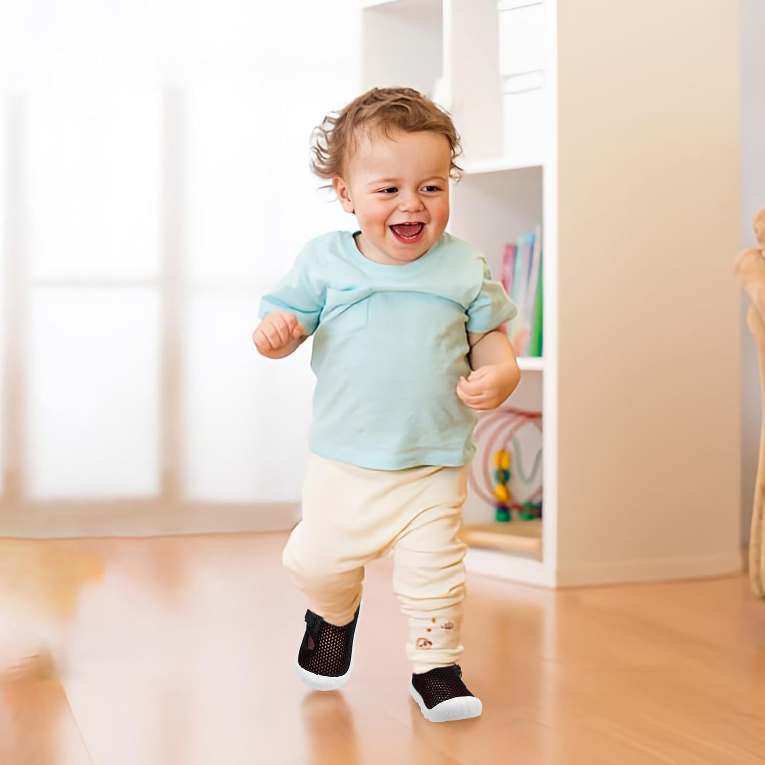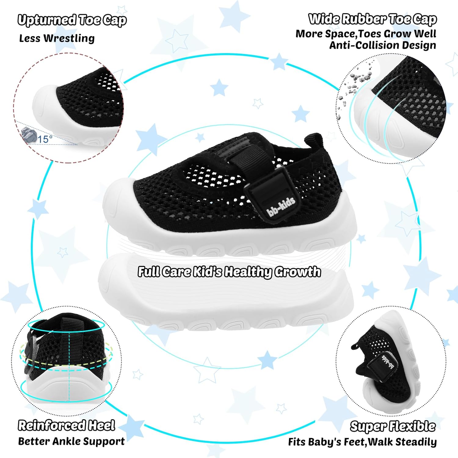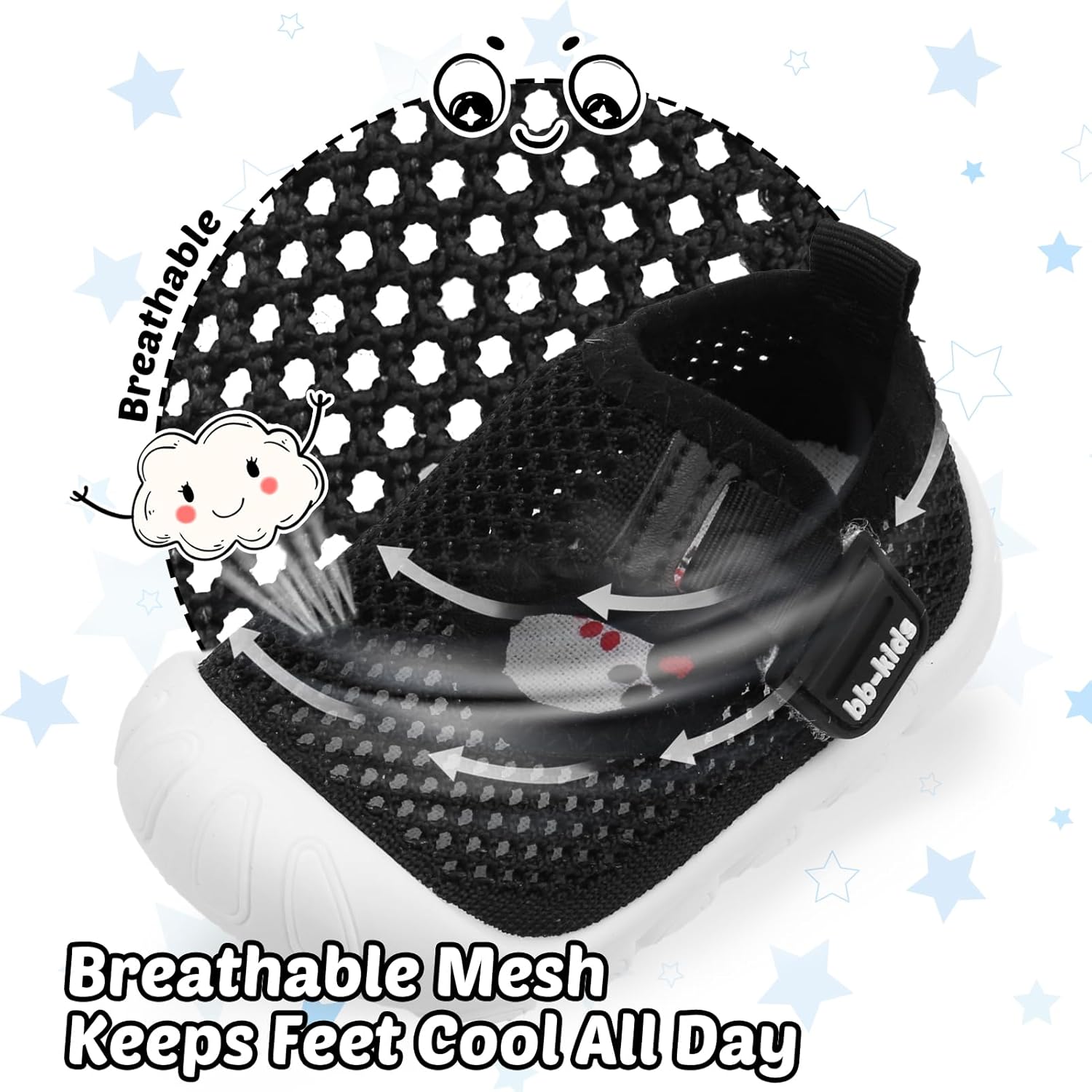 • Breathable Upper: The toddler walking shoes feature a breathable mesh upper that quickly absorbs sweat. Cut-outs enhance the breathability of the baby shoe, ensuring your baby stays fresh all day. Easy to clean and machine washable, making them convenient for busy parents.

◇ ◇ ◇ ◇

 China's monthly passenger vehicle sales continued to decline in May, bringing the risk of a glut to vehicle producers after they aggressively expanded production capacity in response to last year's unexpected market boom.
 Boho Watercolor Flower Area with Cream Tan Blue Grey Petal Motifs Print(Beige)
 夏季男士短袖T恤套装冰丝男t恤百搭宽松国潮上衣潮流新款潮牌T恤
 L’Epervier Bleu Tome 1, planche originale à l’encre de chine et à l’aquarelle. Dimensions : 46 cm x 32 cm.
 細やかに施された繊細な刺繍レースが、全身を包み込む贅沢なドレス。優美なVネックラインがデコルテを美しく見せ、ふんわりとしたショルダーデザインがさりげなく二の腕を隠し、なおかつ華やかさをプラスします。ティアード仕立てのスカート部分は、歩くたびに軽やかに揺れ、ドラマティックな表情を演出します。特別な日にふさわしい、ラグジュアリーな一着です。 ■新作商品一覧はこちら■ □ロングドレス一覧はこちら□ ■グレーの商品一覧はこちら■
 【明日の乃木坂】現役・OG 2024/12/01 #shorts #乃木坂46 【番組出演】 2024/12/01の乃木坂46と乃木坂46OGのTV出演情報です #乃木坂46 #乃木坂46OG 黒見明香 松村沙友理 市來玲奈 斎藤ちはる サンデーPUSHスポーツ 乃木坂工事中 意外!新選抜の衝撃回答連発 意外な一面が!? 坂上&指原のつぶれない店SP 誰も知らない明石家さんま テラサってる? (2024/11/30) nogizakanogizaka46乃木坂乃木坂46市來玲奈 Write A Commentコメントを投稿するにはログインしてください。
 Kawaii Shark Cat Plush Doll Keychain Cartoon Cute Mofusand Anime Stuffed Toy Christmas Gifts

◇ ◇ ◇ ◇

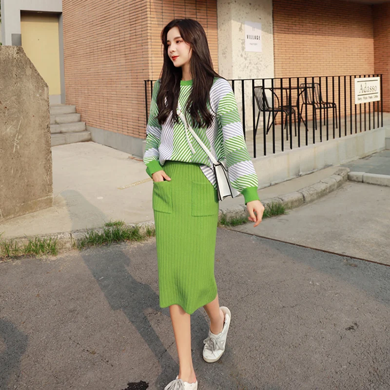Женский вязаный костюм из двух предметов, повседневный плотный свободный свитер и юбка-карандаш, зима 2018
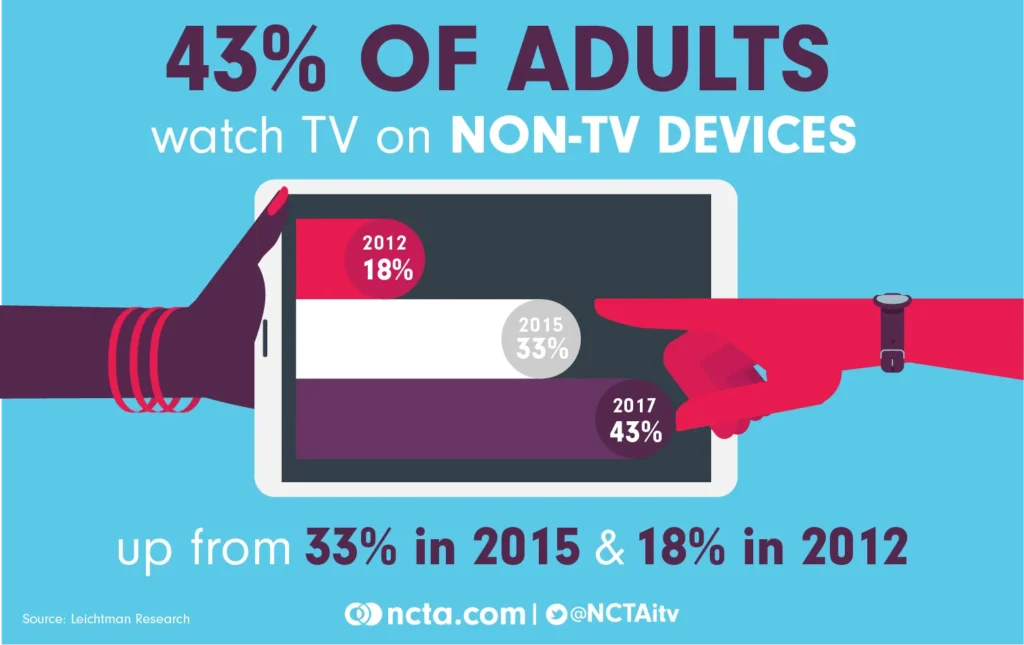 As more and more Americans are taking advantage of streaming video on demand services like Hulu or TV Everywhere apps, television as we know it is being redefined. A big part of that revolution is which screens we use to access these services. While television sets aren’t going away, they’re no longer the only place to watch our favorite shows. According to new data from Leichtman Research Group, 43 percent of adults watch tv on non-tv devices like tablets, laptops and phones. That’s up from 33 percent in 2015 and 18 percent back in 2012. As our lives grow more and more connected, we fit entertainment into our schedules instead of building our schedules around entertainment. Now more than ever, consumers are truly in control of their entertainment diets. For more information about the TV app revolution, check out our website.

◇ ◇ ◇ ◇

**How to complete this task**
Extract from the listing above the lines between the line containing "Write A Commentコメントを投稿するにはログインしてください。" and the line containing "Kawaii Shark Cat", keeping both of those lines. Output nothing else.

**Solved problem**
 【明日の乃木坂】現役・OG 2024/12/01 #shorts #乃木坂46 【番組出演】 2024/12/01の乃木坂46と乃木坂46OGのTV出演情報です #乃木坂46 #乃木坂46OG 黒見明香 松村沙友理 市來玲奈 斎藤ちはる サンデーPUSHスポーツ 乃木坂工事中 意外!新選抜の衝撃回答連発 意外な一面が!? 坂上&指原のつぶれない店SP 誰も知らない明石家さんま テラサってる? (2024/11/30) nogizakanogizaka46乃木坂乃木坂46市來玲奈 Write A Commentコメントを投稿するにはログインしてください。
 Kawaii Shark Cat Plush Doll Keychain Cartoon Cute Mofusand Anime Stuffed Toy Christmas Gifts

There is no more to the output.